We have arrived too soon, because of steaming at high speed through the Red Sea, the Gulf of Aden and the Arabian Sea, in order for the ship to make it to Ningbo for an earlier slot that has come free, but now the slot has been given up for Chinese New Year and the ship is no longer in a hurry. But I have nevertheless arrived a couple of days earlier than expected, to my regret. And yet, I may not be able to make landfall, as we are at anchor, have been at anchor since 07.17, some miles off the coast, awaiting a berth at Jabal Ali.  We are tantalisingly close, so close that you could see Dubai at dawn, but too far to be able to send messages.  When the sun rose and before the haze and humidity and pollution at the horizon became too impenetrable, we could actually see the towers of Dubai rising out of the mist. Now we sit at anchorage with a half dozen other containerships, some of them very large ones, and a few tankers and bulk carriers too.

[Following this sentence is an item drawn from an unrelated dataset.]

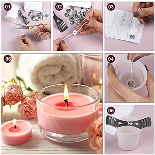 【Einfach zu bedienen】Der candle wick lässt sich leicht in verschiedene Größen schneiden, ist leicht zu begradigen und bricht nicht. Beachten Sie, dass Sie vor dem Einfüllen des Wachses in die Tasse das Wachs oder den Kleber unten verwenden müssen, um das Stück zu fixieren.

What is astonishing about the Persian Gulf, and what I had not quite realised, and what is perhaps the response to my question about constraints is how unbelievably shallow it is.  Our ship’s draft is between 15 and 16 metres.  There are places not too far from where we are anchored where the depth of the sea is only 12 metres, and we would run aground if we happen upon them.  In fact, the entrance to Jabal Ali seems to be a dredged channel of around 18 or 20 metres of depth, the surrounds of which are shallow waters.  And the water seems treacherous in other ways too: there are shoals, sandbanks, that the Admiralty charts warn in their poetic admonishment, “could shift with the Shamals (northwestern winds).”  All entrances to all ports on this side are narrow channels. And the place seems to be a battleground between ships and marine oil and gas fields and oil and gas terminals.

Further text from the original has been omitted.